Wood Gasification as Next-Generation Wood Burning Technology

October 9, 2019 Wood Gun

As homeowners have begun to seek relief from high petroleum costs, there is currently a resurgence of interest in heating with wood. Indeed, a quick web search uncovers hundreds of companies offering “free heat machines” that will “save you $$$ on your heating bills” by burning wood. Much of the hype has merit – wood is markedly less expensive than natural gas or fuel oil, wood is renewable, and wood is less susceptible to political fluctuations than imported petroleum. However, the majority of wood-burning home heating devices that have inundated the market today, the most popular of which are the infamous “outdoor wood boilers,” are plagued by low efficiencies and high emissions. Because of the large volume of smoke produced by outdoor wood boilers, many states, especially in the Northeast, have passed strict regulations aimed specifically at preventing the purchase and operation of outdoor wood boilers by state residents. Often, outdoor wood boilers create more problems for their owners than can be offset by the benefits of burning wood.

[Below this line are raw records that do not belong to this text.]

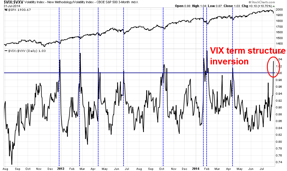 Stocks:dollar, stocks:bonds, FTSE Eurostox and NYSE composite indices, NSYE breadth, volatility and junk:treasury bonds, oil, US dollar (inverted), leveraged loans and junk bonds all peaked very close to the 27 June 2014 date.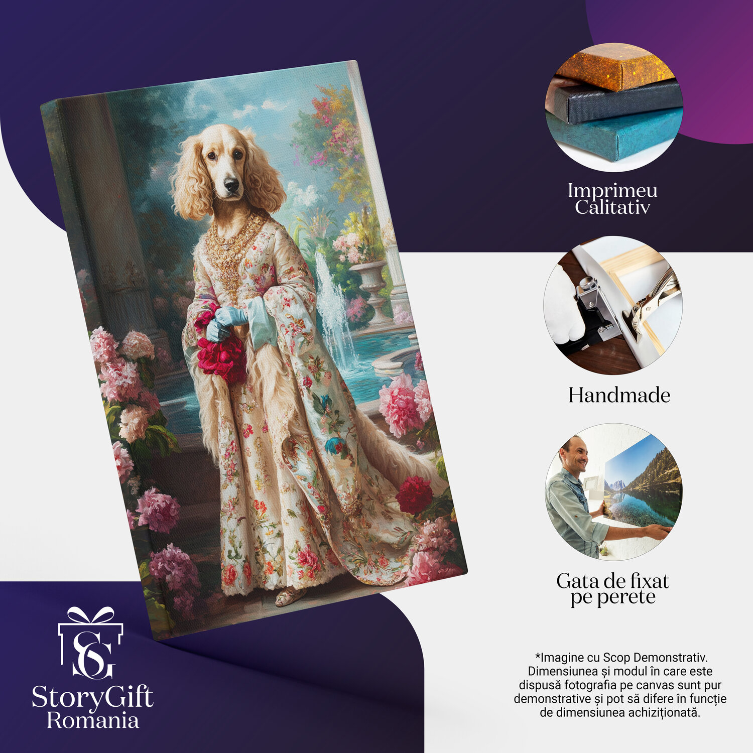 Tablou Canvas Personalizat Contesa Regala In Gradina Cu Flori Si Fantana, Tinuta Eleganta cU Medalion Masiv De Flori 40x25CM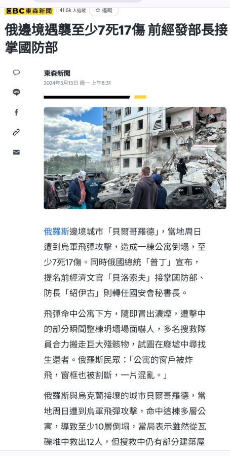 回覆 yesk:烏克蘭開始用飛彈直接打俄羅斯國土了,一棟...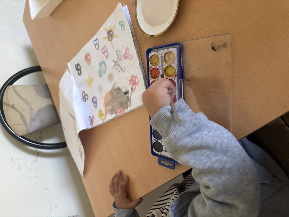 - "An overhead shot captured in Sisian, Armenia, depicts a child's hands and forearms engaged in painting on a light brown wooden table" by FM-4QNTW2, licensed under CC BY 4.0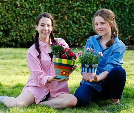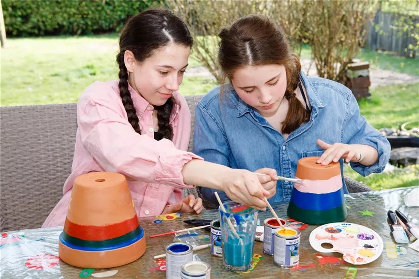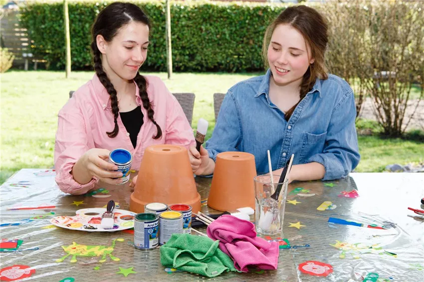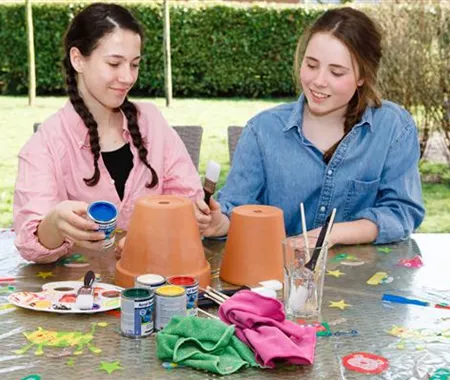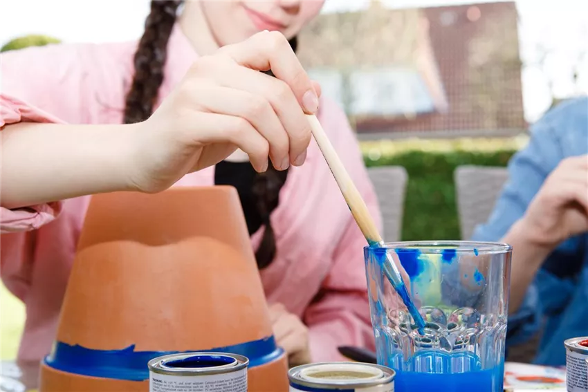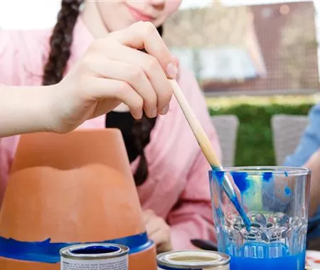 Wenn der Blumentopf richtig trocken ist, könnt ihr mit dem Bemalen beginnen. Soll der Topf eine andere Farbe bekommen, dann müsst ihr mit der Farbe eurer Wahl mehrere Schichten aufmalen. Damit ihr nicht so lange warten müsst, bis die Farbe getrocknet ist, nehmt euch einen Föhn zur Hilfe.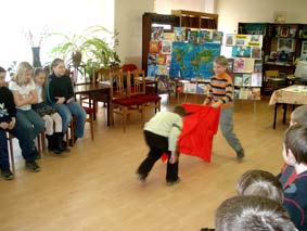 И, наконец, настал день торжественного закрытия Недели Испании в библиотеках Московской области. 11 апреля участников Недели в читальном зале нашей Детской библиотеки ждали не только сотрудники, но и рыцарь Дон Кихот и его верный оруженосец Санчо Панса. Вместе с ними и библиотекарем Ванифатовой Л.А. ребята и отправились в занимательное и познавательное путешествие по городам Испании.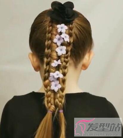 步骤5:最后用准备好的小花朵发饰、蝴蝶结发饰点缀其间,这款甜美编发发型就完成了,是不是非常简单又很有特色呢?妈妈们学会了就赶紧为女儿扎上同款编发吧。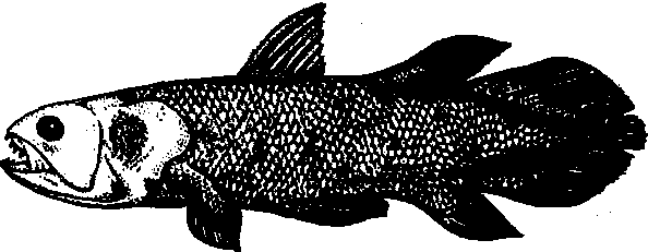 图 2 矛 尾 鱼 辐鳍亚纲是现代最繁盛和最高等的一大群鱼类,因其骨质鳍条呈辐射状排列而得名;上下颚由前颚骨、上颚骨和齿骨等构成,故又称真口亚纲。体被骨鳞、硬鳞或裸露无鳞; 偶鳍基部无肉叶和骨质中轴; 无内鼻孔和泄殖腔; 大多为正形尾。根据鳍及鳞片的结构,肛门和泄殖孔的位置,鳔及某些骨片的有无,以及鳃器构造、口的性状、个体发育型等方面的差异,可将辐鳍亚纲分为9总目,36目。中国有8总目,26目。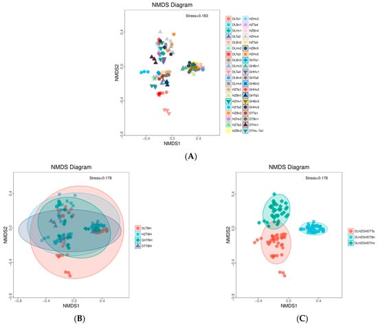 NMDS was conducted to illustrate the variance of the fungal communities in the samples (Figure 3). When stress was less than 0.2, NMDS accurately reflected the differentiation of 40 soil samples (Figure 3A). Regional comparisons revealed distinct fungal communities in the HZ, DL, GH, and DT regions (Figure 3B, ANOSIM; R = 0.189, p = 0.001). NMDS ordination plotting showed an extremely significant separation within all three crop groups (Figure 3C; R = 0.878, p = 0.001).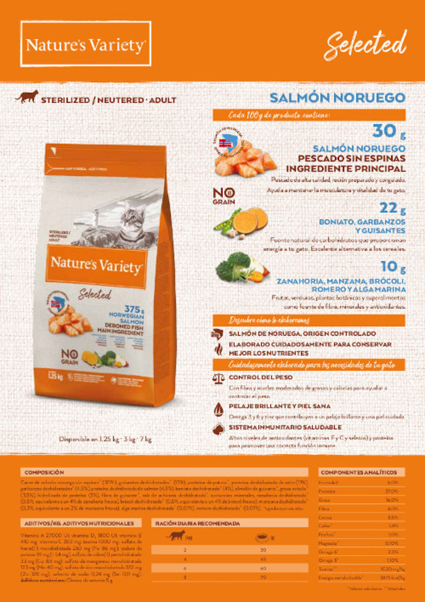 Elaborado con >30% de carne de salmón noruego sin espinas como principal ingrediente.

With the increase in regulation, the manufacturers of outdoor wood boilers are scrambling to develop “next-generation boilers,” that will produce no visible smoke and operate with 80% net efficiency, a great improvement over the current “smokers” that operate at 25%-45% net efficiency. Ironically though, the “next-generation boiler” is already on the market and has been since the early 1980’s. Wood gasification technology, which the next generation boiler utilizes to burn wood with no visible smoke and net efficiency of 85%, has been around since World War II. It is proven technology based on a detailed understanding of how wood burns. Wood gasification technology is the key to tapping the benefits of burning wood for the future.

Setting the Stage

The new millennium has been marked thus far by two major issues: the increase in global political instability and emerging concern for the environment. Global political instability and the War on Terror have made us realize the extent to which we have become dependent on petroleum imported from foreign nations and our vulnerability therein to interruption of supply due to localized skirmishes or tyrannical whim. Perhaps the volatility of petroleum imports could be tolerated if not for the widespread belief that current petroleum supplies are on the verge of being exhausted. Indeed, the urgency of the situation is seemingly confirmed by the skyrocketing petroleum prices – a sort of association of the high price with “rare” and “hard to obtain.” High petroleum costs alone are probably sufficient to trigger a mass departure from current energy practices. Coupled with the emergence of environmentalism, however, this exodus becomes a potent energy revolution. Environmentalism, as a response to the ominous trend of global warming caused by heavy usage of now costly fossil fuels, has provided the ideology to complement the rising pressure on the purse strings. This combination is the driving impetus of the alternative energy revolution.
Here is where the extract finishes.